# How to scale a polygon such that all the points lie within the original polygon?

With a convex shape, like a circle, we can create a set of similar shapes, all contained within one another, by centering the shape at the origin and scaling it.

So we can get the following:

With a concave shape however, cetnering it at its centroid and scaling won't keep the points inside the original polygon, we would get something like this:

(Diagram was made by hand so this may not be the mathematical result, but it illustrates the point)

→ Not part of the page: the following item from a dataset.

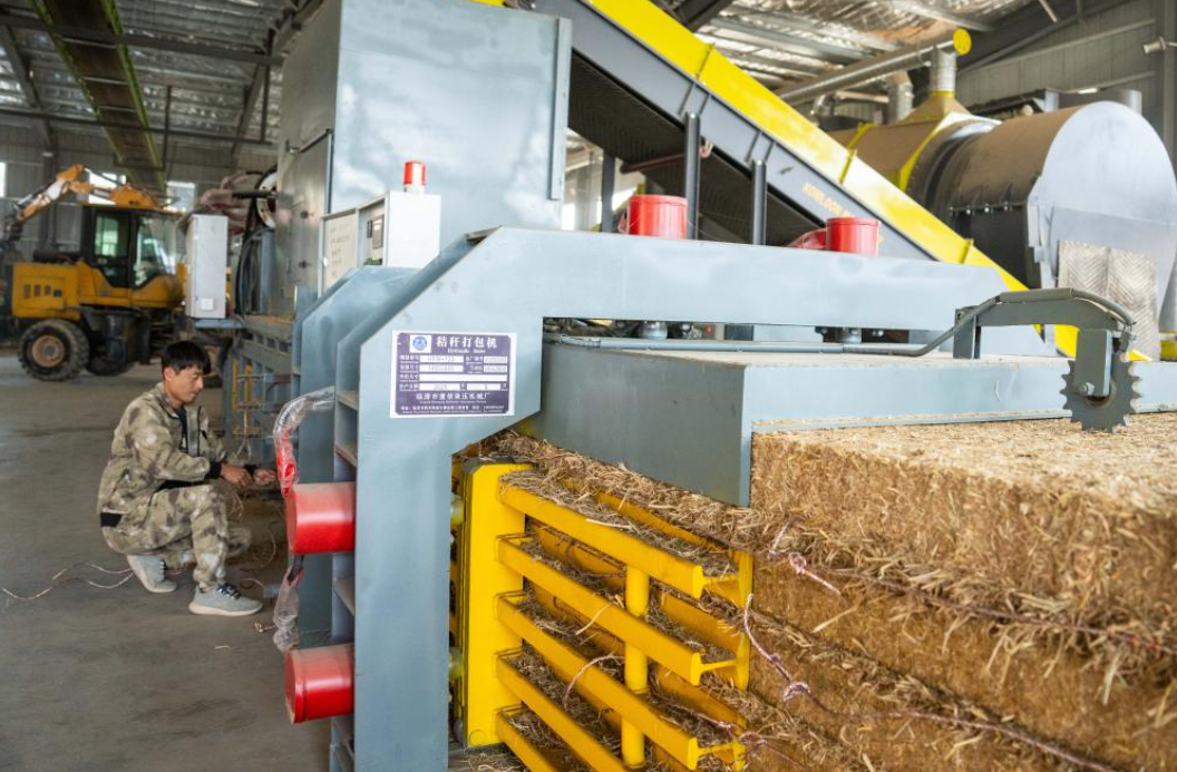 5日、長沙県開慧鎮にある飼料加工場で結束機を操作する作業員。(ドローンから、長沙=新華社記者/陳思汗)

My goal is to be able to deform the original polygon such that the result converges to a single point contained in the original polygon, and every new ring is fully contained in the previous ring, as in this image:

How can this be done?

EDIT:

Maintaining the topology in new rings isn't necessary as long as the number of points doesn't change, so if the shape passes from being concave to being convex, that;s fine as well.

Example:

• What point do you want it to converge to? In your example you could have moved the smaller polygons a bit upward and still have a construction matching your criteria. I would think any point from which you can draw a straight line to any point inside the starting polygon could be a possible target. Commented Jan 31, 2019 at 15:25
• Any point inside the polygon works. I guess ideally something close to the center of mass is better, but ANYWHERE inside the polygon that satisfies the properties above is good enough. Commented Jan 31, 2019 at 15:27
• I'm no completely sure of how it works, but if you use any point outside the set I described, I think that would limit what smaller versions you can go through. But if you don't even have to maintain the shape, that's not a major concern. Commented Jan 31, 2019 at 16:08
• It seems to me that what you want is rather difficult! Neither of the current answers solves your problem. Commented Jan 31, 2019 at 17:08
• The curve one (accepted one) definitely answers the problem. At leas tin theory. But finding the curve to follow is rather difficult. Using the straight skeleton as suggested is one way to generate those curves but that's complicated and costly... i.e the solutions provided do solve the problem, albeit they are not copy pastable. Commented Jan 31, 2019 at 17:11

You can achieve your goal by choosing a point $$O$$ inside your shape and constructing then the other shapes via a homothetic transformation of center $$O$$ and ratio $$<1$$.

EDIT.

This works only if the shape is a star domain and $$O$$ one of its centers.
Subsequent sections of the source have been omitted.